1. Getting Started¶
Here we show you how to install and start kaLB with the provided examples.
1.1. Virtual Environment¶
We recommend to create a python virtualenvironment and perform all simulations and development from within this environment.
with virtualenv just run:
$ virtualenv <NAME-OF-YOUR-ENV>
$ source <NAME-OF-YOUR-ENV>/bin/activate
Or if you’re using conda:
$ conda create --name <NAME-OF-YOUR-ENV> python=3
$ conda activate <NAME-OF-YOUR-ENV>
1.2. Installation¶
To install kaLB you can either use pip or use setuptools directly. Navigate to kaLB’s root directory and use:
Via setuptools:
$ python setup.py install
Or with pip:
$ pip install .
All dependencies should be installed automagically!

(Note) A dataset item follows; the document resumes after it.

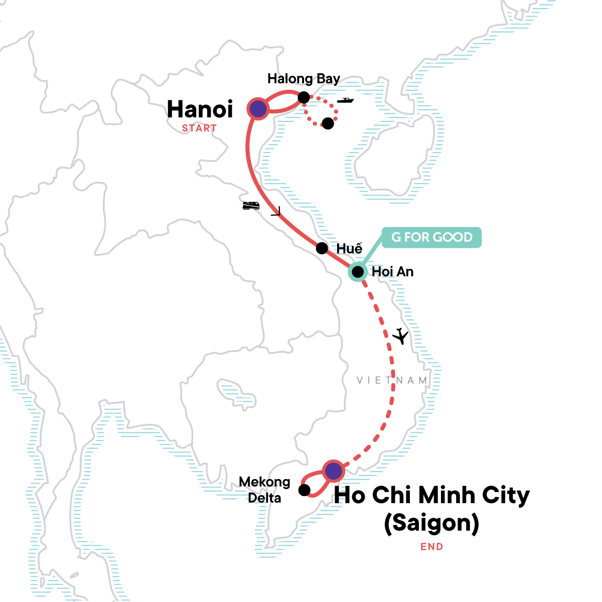 Your Local Living Moment: Mekong Homestay, Mekong Delta. Arrival transfer. Cyclo tour through Old Quarter (Hanoi). Water puppets show. Halong Bay boat trip. Citadel tour in Hue. City cyclo tour in Hanoi and Ho Chi Minh City. Mekong Delta boat trip.

If you want to install kaLB in development mode use:
$ python setup.py develop
or respectively:
$ pip install -e .
1.3. Documentation¶
To generate the documentation you need to have sphinx installed. Thankfully you can just use setuptools do install required version if you don’t have it already:
$ pip install .['doc']
To now build the documentation we recommend using setuptools again:
$ python setup.py build_sphinx
1.4. Run a Simulation¶
To perform a Simulation you need to have an input .json-file that holds all information about the simulation you want to perform. For more information about inputfiles see Parameters of a simulation: The JSON file.
Execute kaLB.py from the directory your inputfile is located.
kaLB comes with some predefined input files for different scenarios.
Navigate to examples folder and start kaLB with:
$ python ./../src/kaLB.py --input kaLB_example.json --performance_feedback --show_obstacle
kaLB should display the matrix that represents the obstacle. As soon as you dismiss it, the simulation will start.
During simulation an output directory will be created to store pictures, snaphots and the hdf5 file.
Once the simulation has finished, you will be presented with a performance feedback that gives you an idea how many grid-points where calculated per second.
Congratulation! You have finished your first simulation. Maybe you want to try another simulation right away?
Use “Lid_Driven_Cavity.json” for your next “--input” value!
1.5. Create a Video¶
After a Simulation you might want to see how your simulation hast developed over time. Of course you could just look at the output-picutures, but thats not that great, isn’t it?
In this case you can use hdf5_to_mpeg.py script to create a video from the generated hdf5 file.
After you have simulated the kaLB_example.json you could use:
$ python ./../src/hdf5_to_mpeg.py -i ./output/kaLB_example_raw_data.hdf5
to create a video!
Note
To make sure you’re having enough data-points for a nice video, the output frequency should be adequate.